War is always going to occur.
Nothing is going to stop these people in Iraq/Israel/Darfur/insert war zone of choice from killing people.

Does this mean we shouldn't try to stop war?
 
the way I saw it is that if I didn't eat the animal, its carcass would go to waste anyways. me not eating meat wouldn't stop animals from dying or being mistreated/whatever, so I may as well enjoy it!
 
theres 2 debates here, the nutritional and the ethical.

I'm not really qualified to comment on the nutritional aspect and as much as i hate to say it ambitions seems to have everyone licked.

as far as the ethical, i dont really see a problem with the act eating meat itself, but the way we do it in the modern age (slauhterhouses, large scare milk production, hormonal injections etc) seems to emphasize profit over sustainability, which is always wrong.
 
which is exactly why I eat happy meat - I do my very best (unless I'm at a friends or the like and I'd go hungry otherwise) to eat organic meat that was bred locally.

obviously not everyone's in my situation but I get extremely severe anaemia - I need all the iron I can get - this includes tablets, spinach, beans AND red meat. it's nutritional!

and tasty too
 
The difference between swatting flies and slaughtering livestock is purely subjective, so I don't have any moral objection to eating meat.
 
the killing act alone sure, but the scale and consequences of industrial agriculture are anything but trivial.
 
I eat meat but if you don't I'm cool with it.
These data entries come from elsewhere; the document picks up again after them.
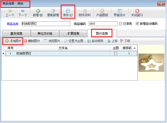 在功能導航窗點“基礎資料”—》“商品信息”即可進入“商品信息”界面,對商品進行新增或修改時可以編輯商品信息、上傳商品圖片信息。如下圖所示:
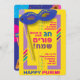 Happy Purim Festival Modern Invitation card for Family or Kids Party. Translation from Hebrew: Happy Purim! (Hag Purim Sameah)
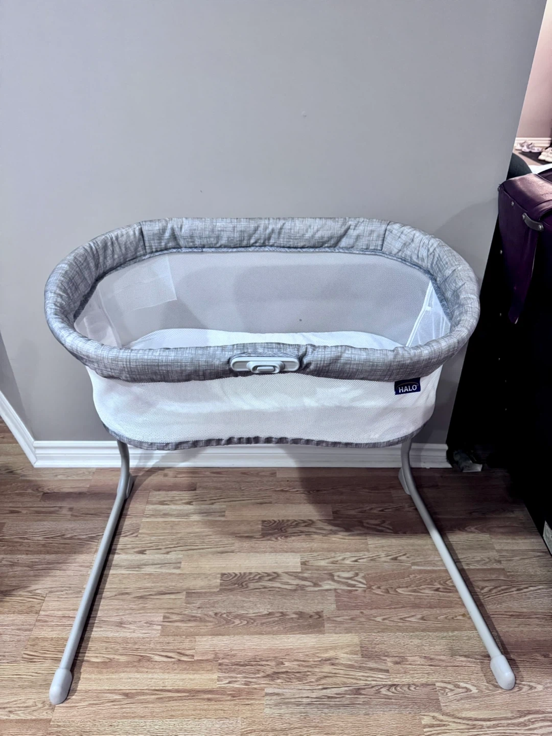 Selling a Halo BassiNest Swivel Sleeper in great condition! π Perfect for keeping your newborn close during those early months. The 360Β° swivel design makes it easy to reach your baby at night, while the breathable mesh sides provide great airflow and visibility. πΆβ¨ πΌ Details: β’ Barely used and newly washed π§Ί β’ From a non-smoking, pet-free home ππΎ β’ Can be separated into 2 parts for easy transport π β’ Fits in small cars or SUVs π β’ π΅ Fixed price: $40 β’ π€ Cash and pick-up only π€ A safe, comfortable, and convenient sleeper β perfect for your little oneβs sweetest dreams! ππ
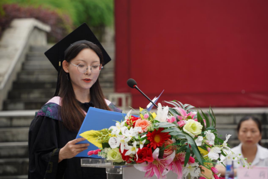 教师代表谢敏希望同学们能以妙笔生花的作品、别出心裁的设计、娓娓动听的音乐来谱就属于自己崭新的未来;更希望同学们以志存高远的勇气、恪己守正的骨气、自信乐观的底气来书写精彩的人生篇章。
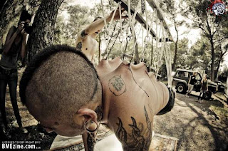 Nasiir hanging from a tree by ropes with hooks embedded in his back and jaw. Blood was everywnere
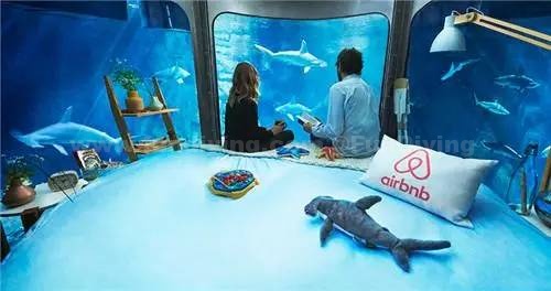 不开玩笑 这个水下套房能让你睡在鲨鱼堆里,在巴黎水族馆里,鲨鱼馆里水深10米,总共容纳了3万升的水,以及35条鲨鱼。 平日里你只能站在走廊里观看,现在考验时刻到了,有一个独特的机会可以让你住在鲨鱼环伺的水下套房里,全视野、以及更近距离的接触它们,你怎么想?Airbnb与法国设计机构ubibene
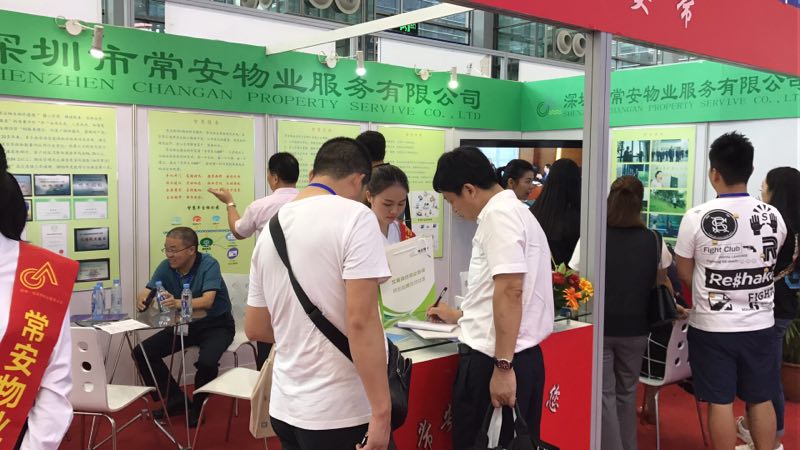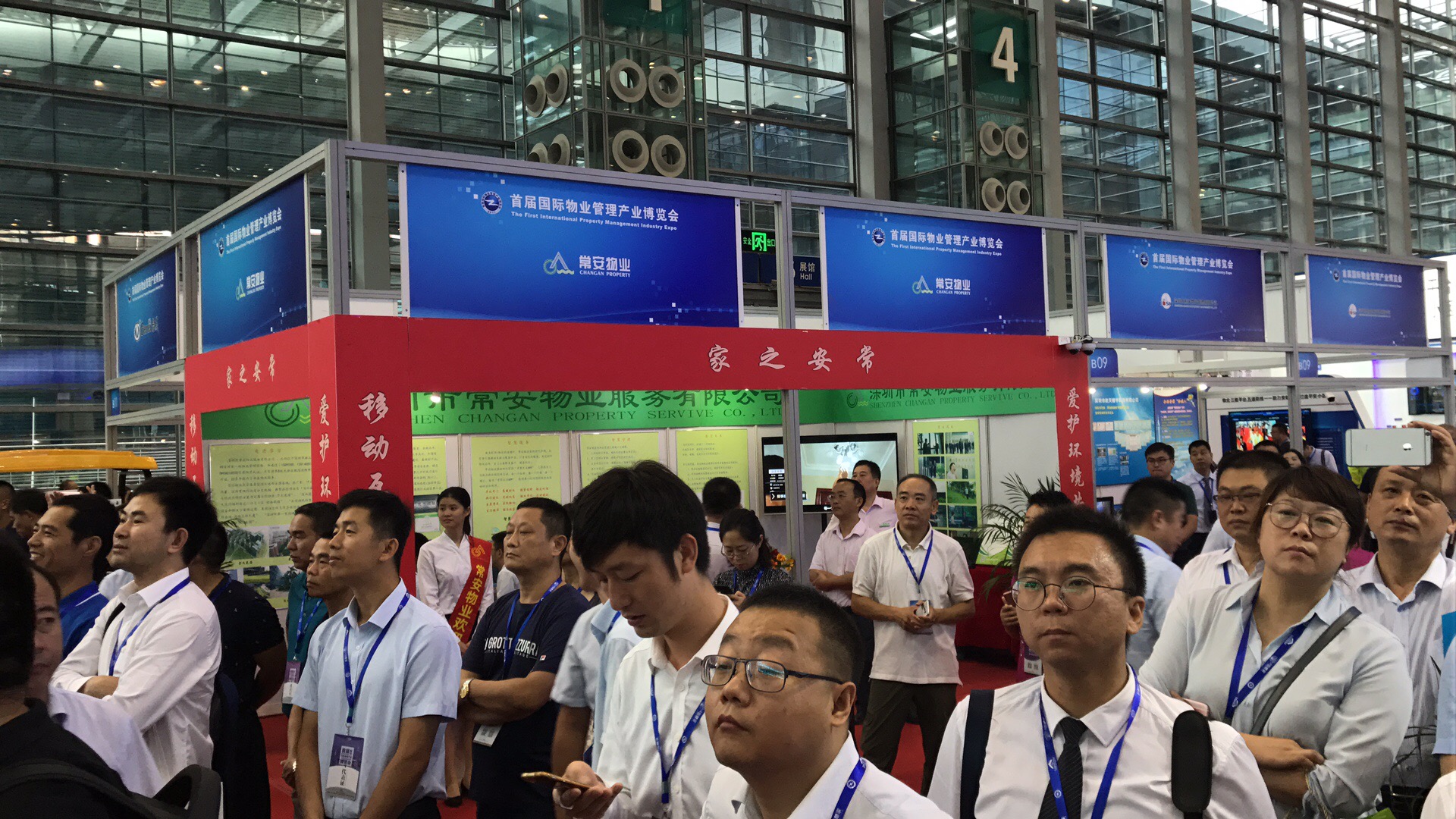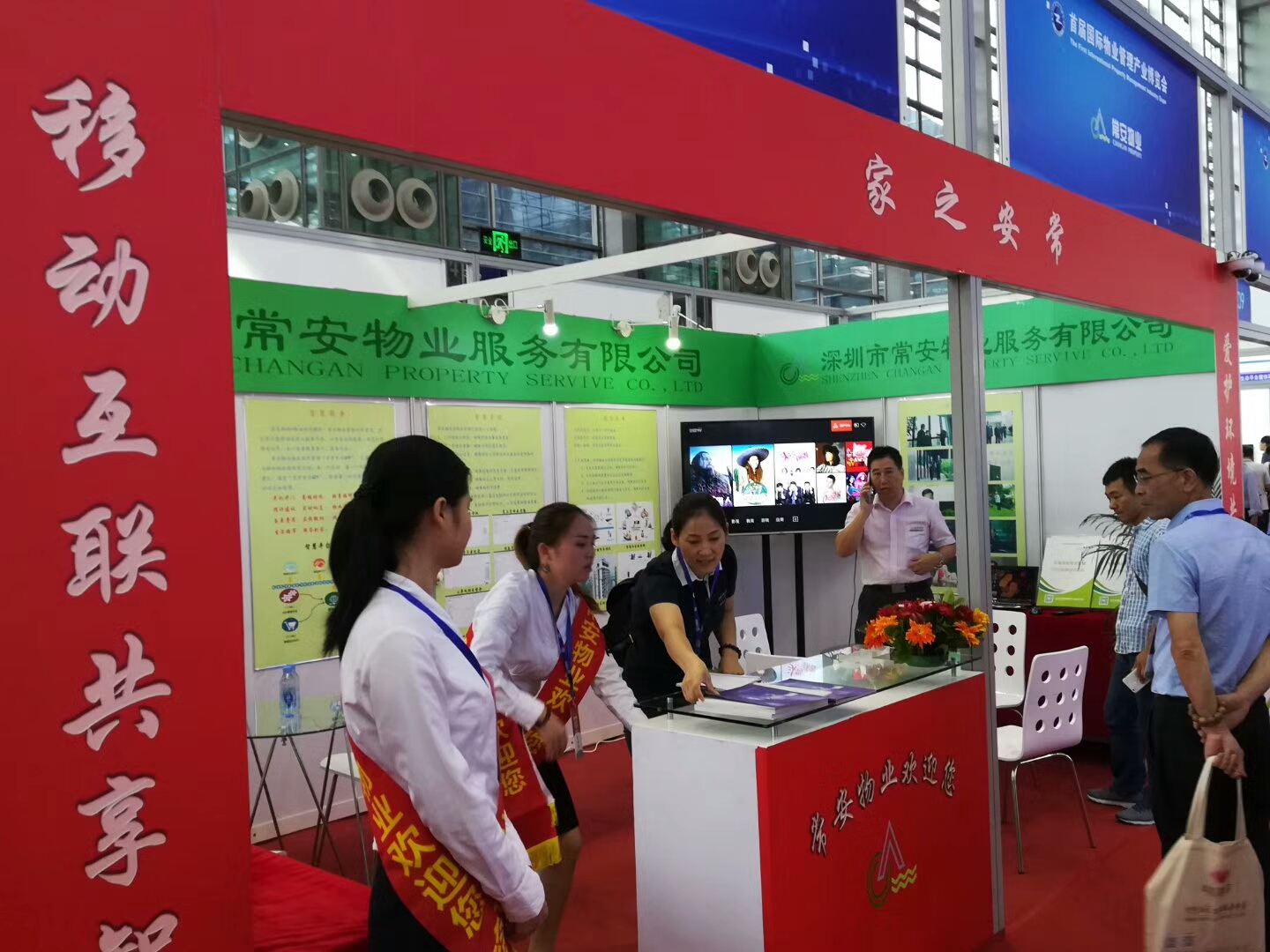 中國物業(yè)管理協(xié)會(huì)會(huì)長沈建忠及深圳市物業(yè)管理協(xié)會(huì)會(huì)長曹陽在常安物業(yè)公司展位前合影留戀
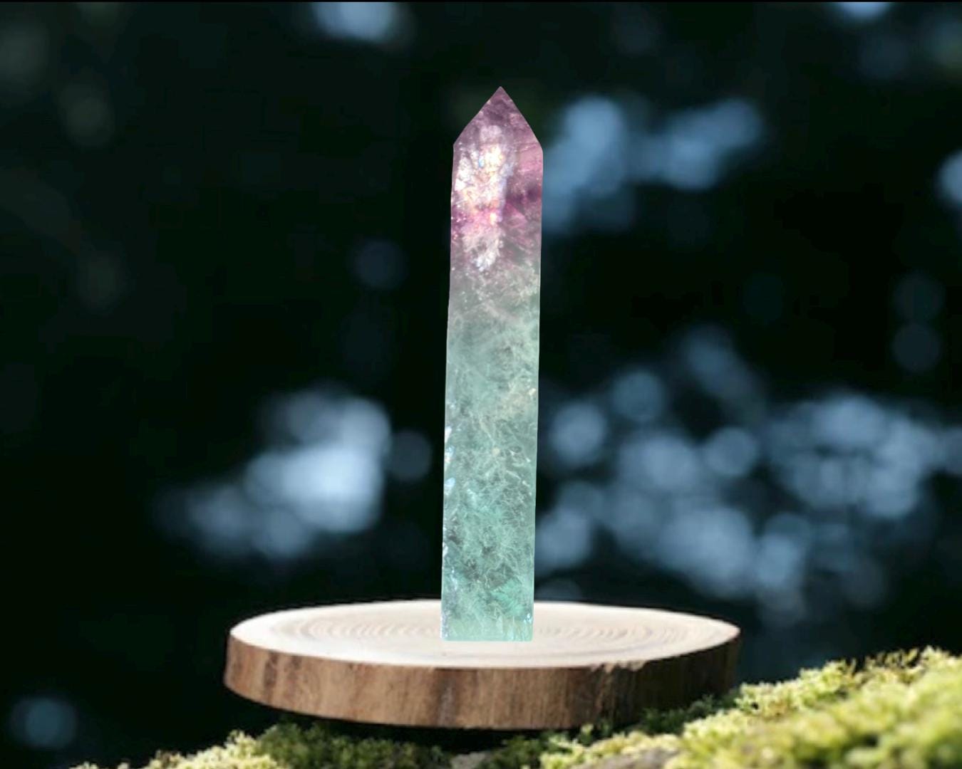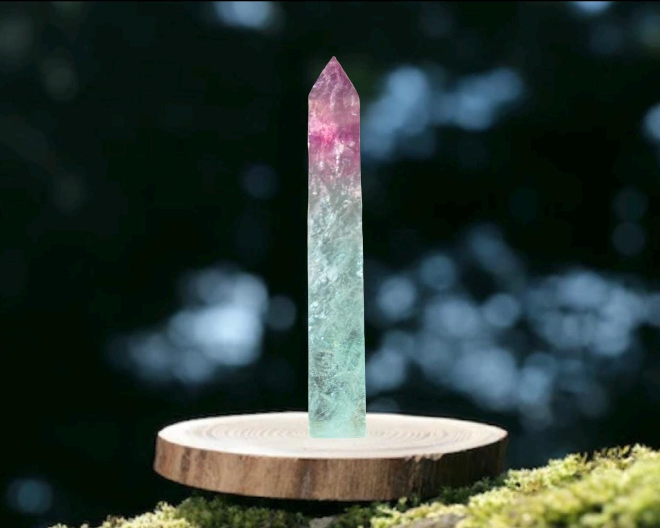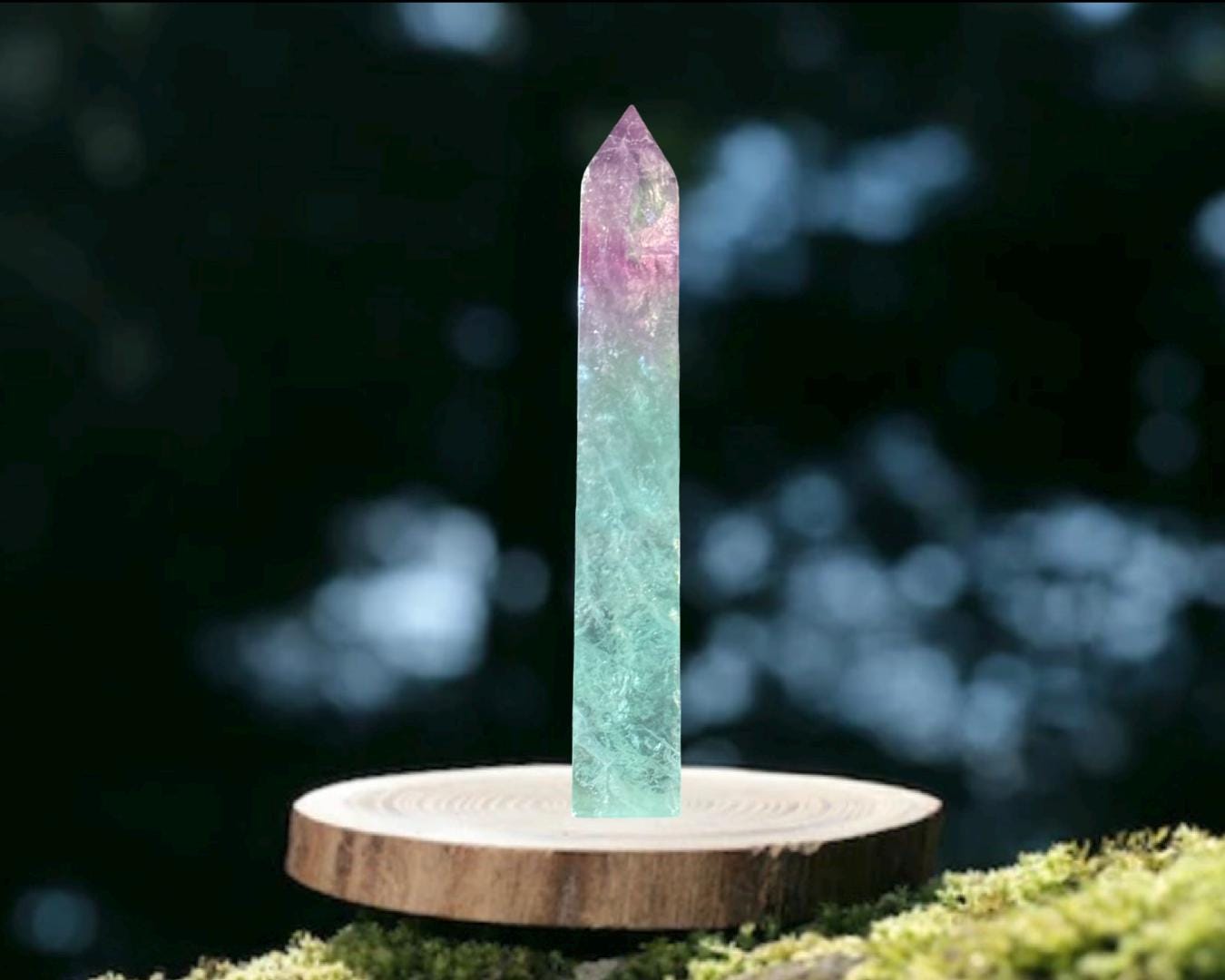 Listing Information: Watermelon Fluorite Obelisk (approx. 6 (H) x 0.90 (W) x 0.80 (D) inches, 270 grams).

I had a series of girlfriends in high-school who were vegan, one of them even a member of PETA. So long as she didn't ask me to attend rallies or give up meat I was fine with it.

There's a heinous double standard when it comes to both sides of this debate. Either side believes, beyond a shadow of a doubt, that they are on the just side and neither side can convince the other of anything. It becomes almost as redundant as the religious debate, either side starts spouting baseless claims and posturing their moral superiority until it become more of a battle of who can come up with the silliest semantics to support whatever outrageous theory they've just come up with.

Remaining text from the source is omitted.